I walked the length of the room and back, then sat down.

And there is another thing that worries me, Matron. All this business about “she must have”. It is written in her notes. “If drugs are refused, to be injected.” And we, the nurses, have to inject them. It seems wrong.’

A nurse must obey medical orders.’

‘She does refuse drugs, all the time, so we hold her down and inject them. Isn’t that assault? And who commits the assault? The doctor who orders it, or the nurse who does it?’

‘I cannot answer these questions. Perhaps a lawyer could, but I doubt it. If life-saving drugs are to be given, they must be given, and any court of law would uphold the medical necessity to save life.’

‘Well, I don’t agree with the law!’

‘Nurse, you are young and passionate. You are trying to understand a subject too deep for understanding. Death used to be as you have described it – your grandmother had a heart attack and just died in her husband’s arms. That is how it used to be for the vast majority, but not any more. Medical science has found hundreds of death-defying tactics, and, as this century unfolds, thousands more will be available to us. We do not know where it will end. Perhaps we will come to a point when human beings are unable to die.’

‘That is a frightening thought, Matron.’

‘Yes, it is.’ Matron stood up, all four feet eleven inches of her, indicating that the interview was over.

‘I advise you, Nurse, not to talk too freely with other people on this subject. You will not be understood. In fact you may be positively misunderstood. All sorts of sinister interpretations could be drawn from your remarks. It is a dangerous subject.’

MUNABLE TO DIE

Hospitals in the early in 1950s were small, enclosed worlds, especially for nurses. We lived communally in the nurses’ home, and all our meals were taken together. Consequently, we exchanged news of hospital life all the time, so whilst I did not directly look after Mrs Ratski after the first five or six weeks, I was able to keep up with her progress, and made a point of doing so.

Mrs Ratski recovered sufficiently to go to the convalescent home attached to the hospital. It was a lovely house, with gardens sloping down to the Thames, which she seemed to enjoy.
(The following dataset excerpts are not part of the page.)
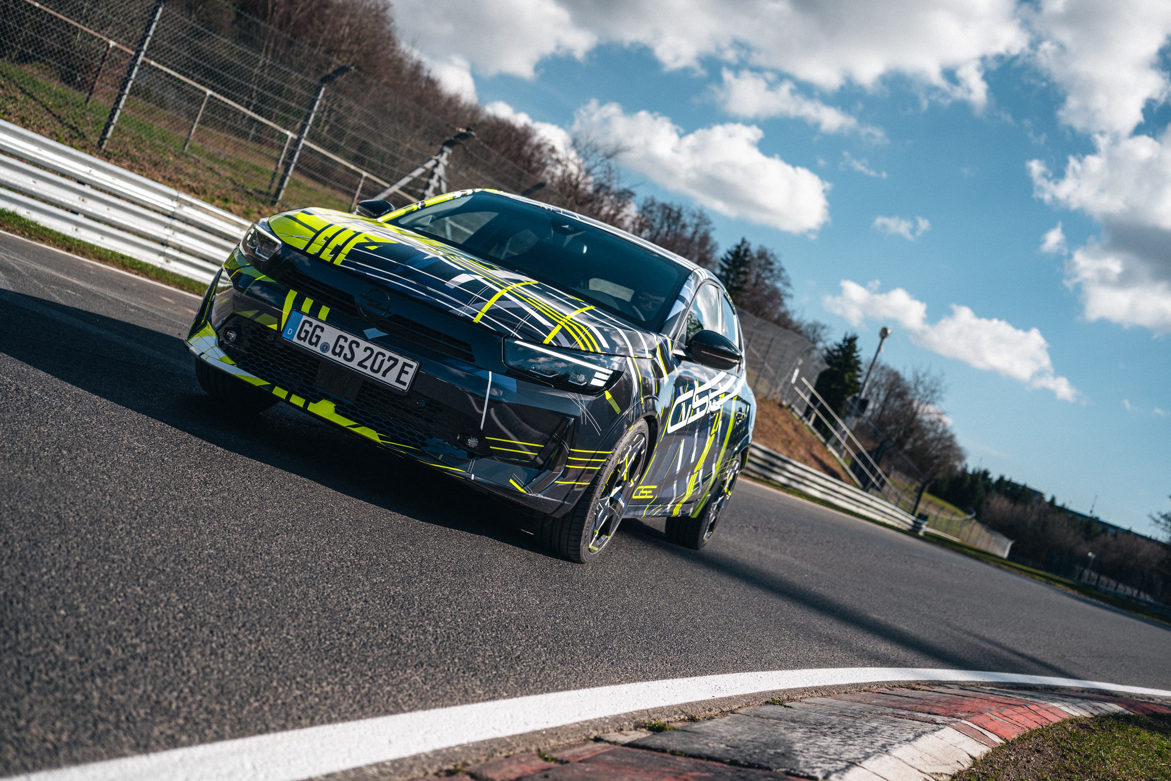 La casa automobilistica tedesca spiega le ragioni della decalcomanie a righe e a scacchi scelte per vestire i prototipi: un omaggio moderno alla sportiva Corsa A degli anni ’80. Gli appassionati del marchio lo avevano già intuito.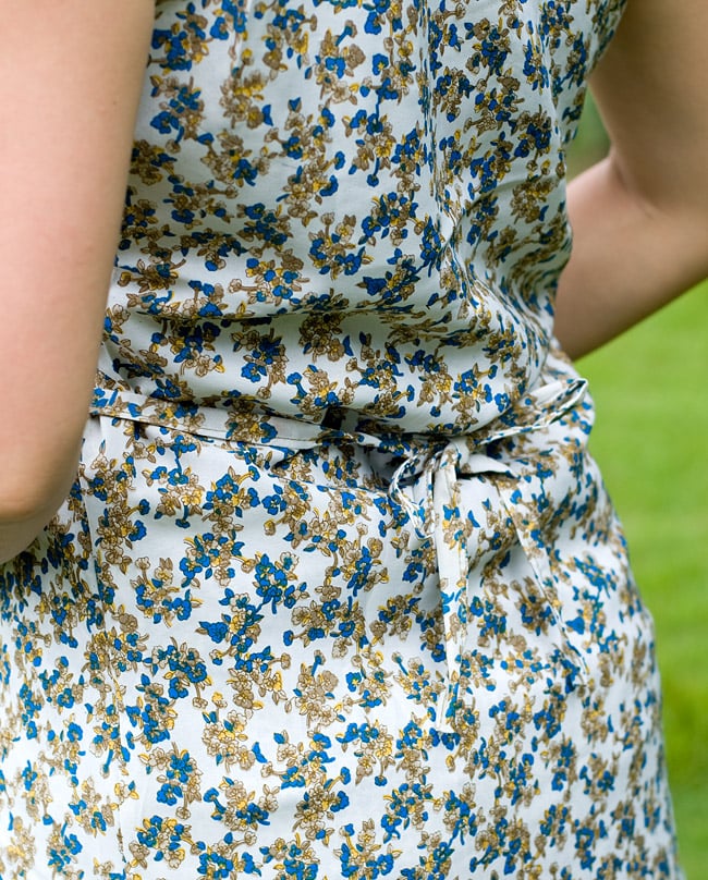 花柄やペイズリー柄のインドのオールドシルクサリーを使ったワンピースです。異なる生地で2枚仕立ての作りなので、その日の気分でどちらの面もお楽しみ頂けます。(襟元のタグは付いていますので、着用の際は切り離して下さい)ちょっと小さめの作りですが、上半身をコンパクトにすっきり見えるデザインです。■世界に1枚だけの組み合わせ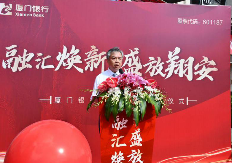 融匯煥新,盛放翔安。2021年7月14日,廈門銀行翔安支行喬遷新址后正式對外揭牌營業(yè)。廈門銀行行長吳昕顥、副行長兼廈門業(yè)務(wù)管理總部總監(jiān)劉永斌、廈門業(yè)務(wù)管理總部部分領(lǐng)導(dǎo)以及翔安支行客戶代表出席了支行開業(yè)慶典。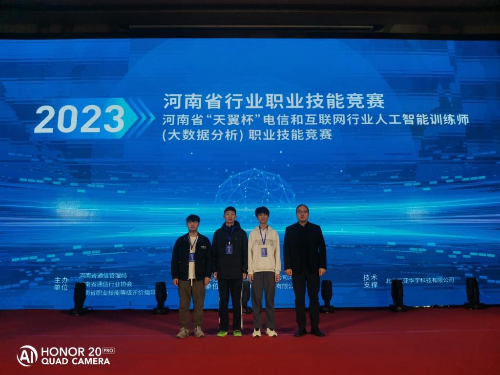 11月25日,2023年河南省行业职业技能竞赛—河南省“天翼杯”电信和互联网行业人工智能训练师(大数据分析)职业技能竞赛在郑州圆满落幕。公司2026世界杯预测楚书来、冯腾霄两位老师指导,孙梦杰、李豪宇、李金普三名同学组队参赛,比赛中同学们沉重稳重,发挥出应用水平,最后经过三个小时的多轮比拼,以637分的成绩稳居榜首,取得职教组金奖,这也是公司在该赛项上的最好成绩。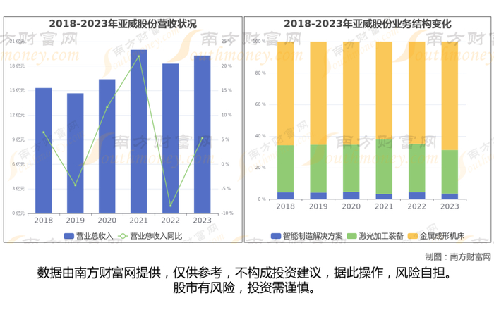 亚威股份于2011年3月3日在深圳证券交易所上市,公司主营业务为主要业务包括金属成形机床业务、激光加工装备业务、智能制造解决方案业务。

The nursing staff tried to teach her how to manage her colostomy, but she did not understand, and seemed incapable of learning. She just muttered to herself, and poked it (the gut has no nerve endings, so can be touched without causing pain). She seemed intrigued, but quite incapable of understanding how to cope with it. After three weeks in the convalescent home, it was decided that she could return home under the care of a district nurse.

A hospital car brought Mrs Ratski home. Her daughter-in-law, Karen, watched with dismay as the driver helped the old lady out of the car, up the garden path and into the sitting room. She went straight to the sofa, muttering to herself, and pulling her shawls round her shoulders.